> _WHAT THE TASK ASKS_
Images should be left out, and everything else in the listing reproduced exactly.

> _INFORMATION SUPPLIED_
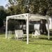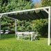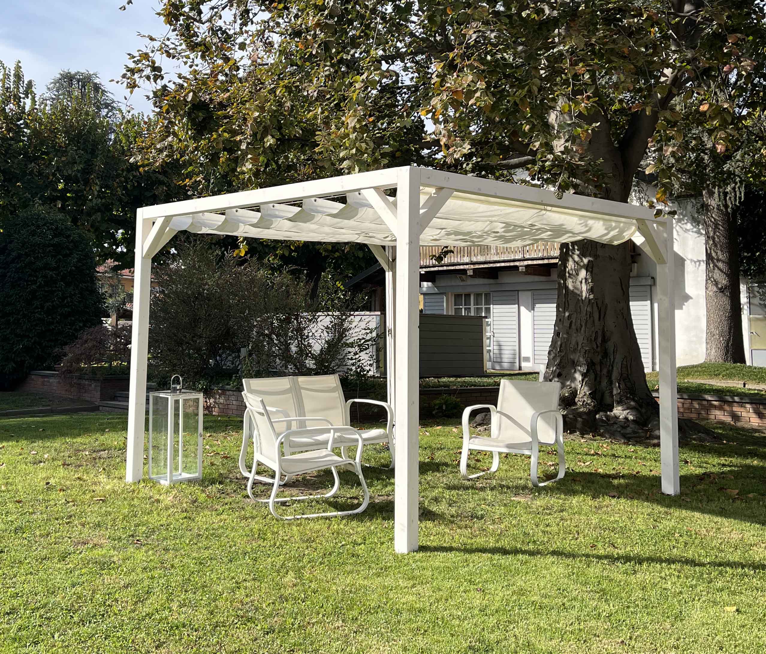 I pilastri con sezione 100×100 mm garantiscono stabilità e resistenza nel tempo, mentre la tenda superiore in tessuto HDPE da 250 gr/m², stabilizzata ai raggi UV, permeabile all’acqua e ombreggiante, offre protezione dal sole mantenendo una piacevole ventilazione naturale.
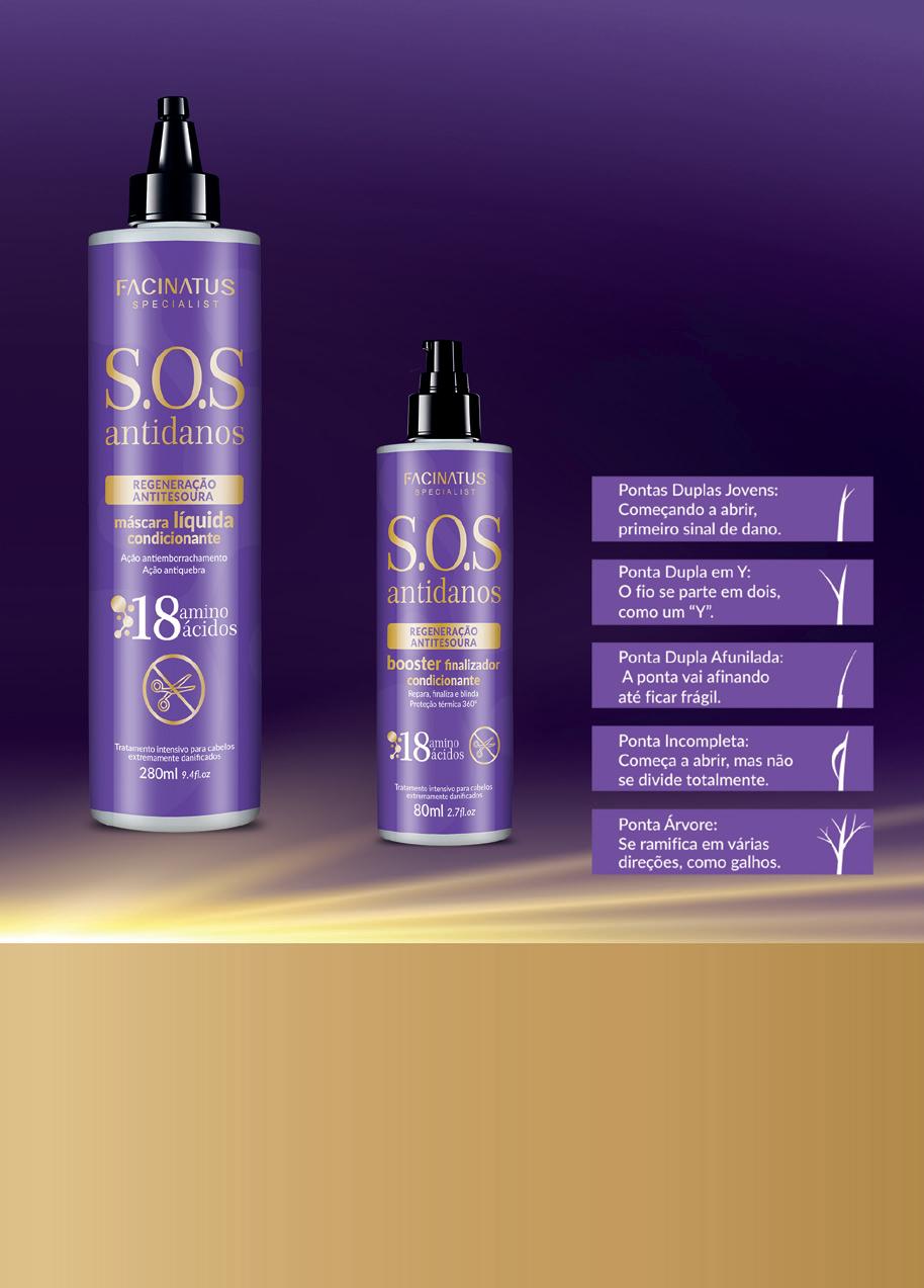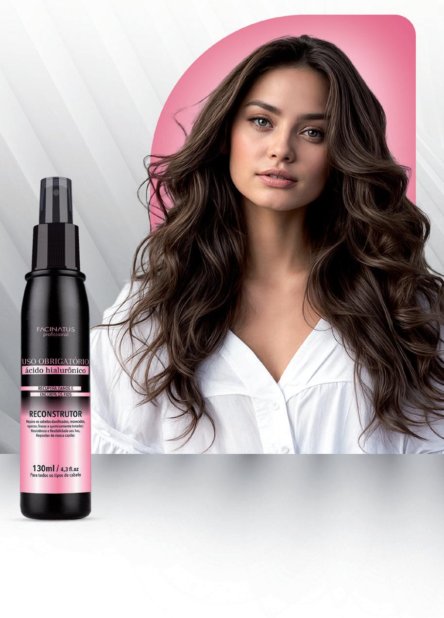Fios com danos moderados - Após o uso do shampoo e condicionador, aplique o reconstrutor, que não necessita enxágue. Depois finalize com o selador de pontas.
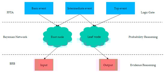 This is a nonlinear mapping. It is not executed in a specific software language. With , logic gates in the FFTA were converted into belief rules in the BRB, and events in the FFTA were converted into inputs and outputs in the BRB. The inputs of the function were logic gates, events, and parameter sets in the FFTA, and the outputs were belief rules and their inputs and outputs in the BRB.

> _FINISHED TASK_
 I pilastri con sezione 100×100 mm garantiscono stabilità e resistenza nel tempo, mentre la tenda superiore in tessuto HDPE da 250 gr/m², stabilizzata ai raggi UV, permeabile all’acqua e ombreggiante, offre protezione dal sole mantenendo una piacevole ventilazione naturale.
Fios com danos moderados - Após o uso do shampoo e condicionador, aplique o reconstrutor, que não necessita enxágue. Depois finalize com o selador de pontas.
 This is a nonlinear mapping. It is not executed in a specific software language. With , logic gates in the FFTA were converted into belief rules in the BRB, and events in the FFTA were converted into inputs and outputs in the BRB. The inputs of the function were logic gates, events, and parameter sets in the FFTA, and the outputs were belief rules and their inputs and outputs in the BRB.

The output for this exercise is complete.